• [TASK INPUT]:
◆ ◆ ◆ ◆ ◆ ◆ ◆

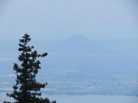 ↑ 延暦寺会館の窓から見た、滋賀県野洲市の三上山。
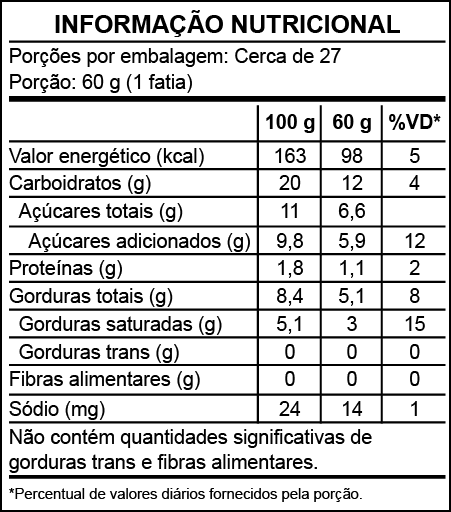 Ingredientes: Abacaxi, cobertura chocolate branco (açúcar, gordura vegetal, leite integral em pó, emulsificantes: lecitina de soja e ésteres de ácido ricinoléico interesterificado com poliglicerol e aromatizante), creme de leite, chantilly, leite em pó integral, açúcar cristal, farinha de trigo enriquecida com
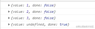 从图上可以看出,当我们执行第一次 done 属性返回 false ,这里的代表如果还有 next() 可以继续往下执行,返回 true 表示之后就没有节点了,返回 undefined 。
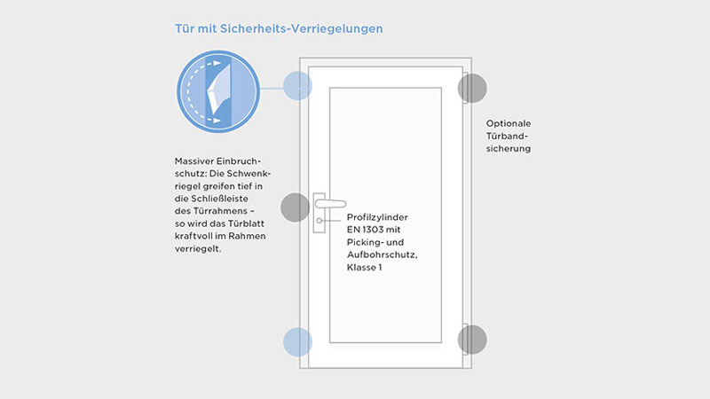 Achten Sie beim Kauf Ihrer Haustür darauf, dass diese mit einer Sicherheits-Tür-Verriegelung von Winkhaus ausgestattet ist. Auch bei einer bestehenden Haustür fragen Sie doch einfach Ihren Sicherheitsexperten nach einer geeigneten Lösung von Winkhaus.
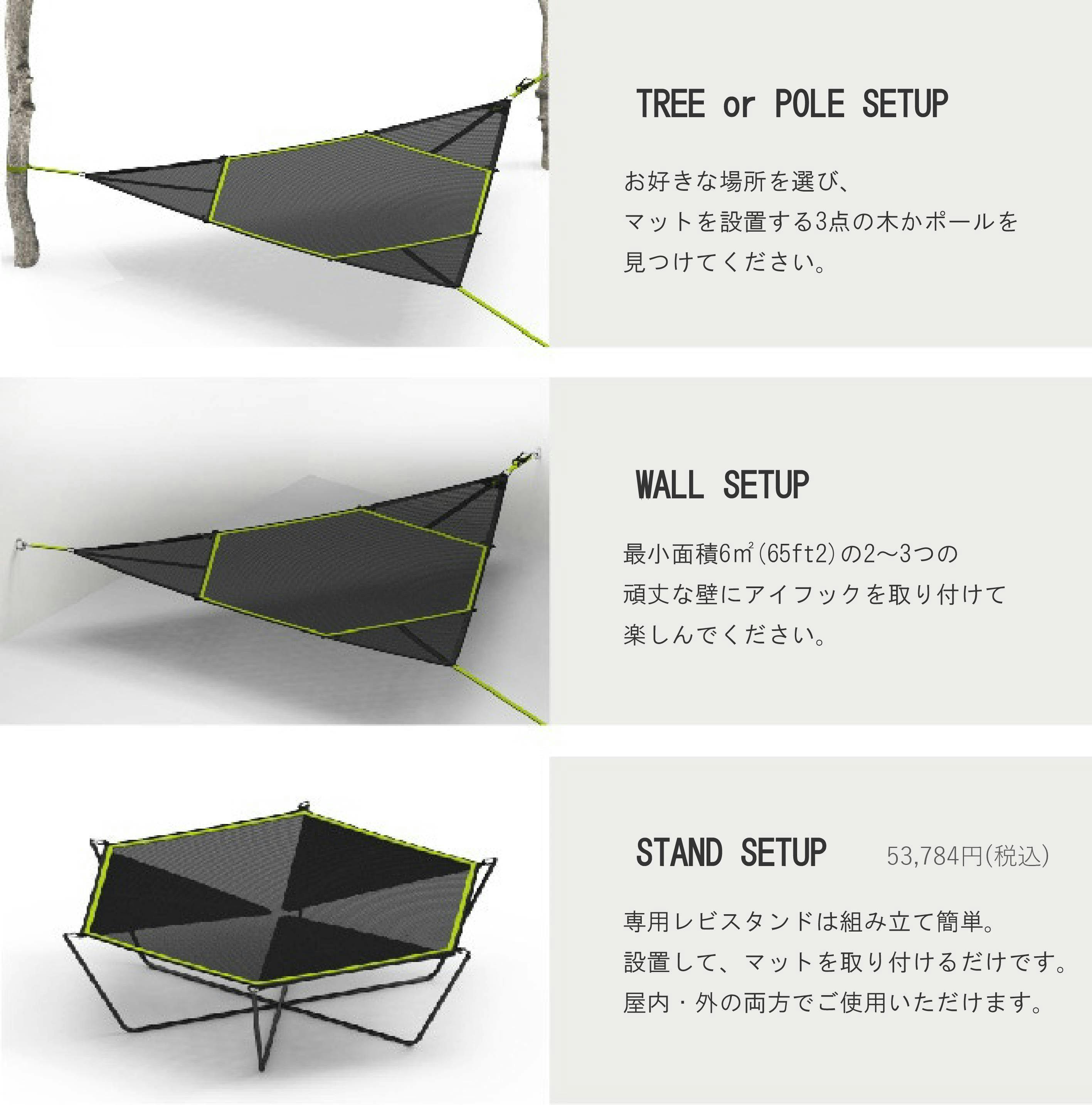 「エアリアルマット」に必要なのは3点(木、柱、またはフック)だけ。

◆ ◆ ◆ ◆ ◆ ◆ ◆

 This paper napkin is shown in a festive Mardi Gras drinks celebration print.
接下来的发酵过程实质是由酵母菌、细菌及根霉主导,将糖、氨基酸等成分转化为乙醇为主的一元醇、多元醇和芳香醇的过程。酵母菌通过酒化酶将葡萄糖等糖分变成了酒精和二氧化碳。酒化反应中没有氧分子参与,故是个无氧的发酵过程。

◆ ◆ ◆ ◆ ◆ ◆ ◆

• [AIM OF THE TASK]:
Retype the entries above exactly, but only from the line containing "This paper napkin" through the line containing "接下来的发酵过程实质是由酵母", both included.

• [THE ANSWER]:
 This paper napkin is shown in a festive Mardi Gras drinks celebration print.
接下来的发酵过程实质是由酵母菌、细菌及根霉主导,将糖、氨基酸等成分转化为乙醇为主的一元醇、多元醇和芳香醇的过程。酵母菌通过酒化酶将葡萄糖等糖分变成了酒精和二氧化碳。酒化反应中没有氧分子参与,故是个无氧的发酵过程。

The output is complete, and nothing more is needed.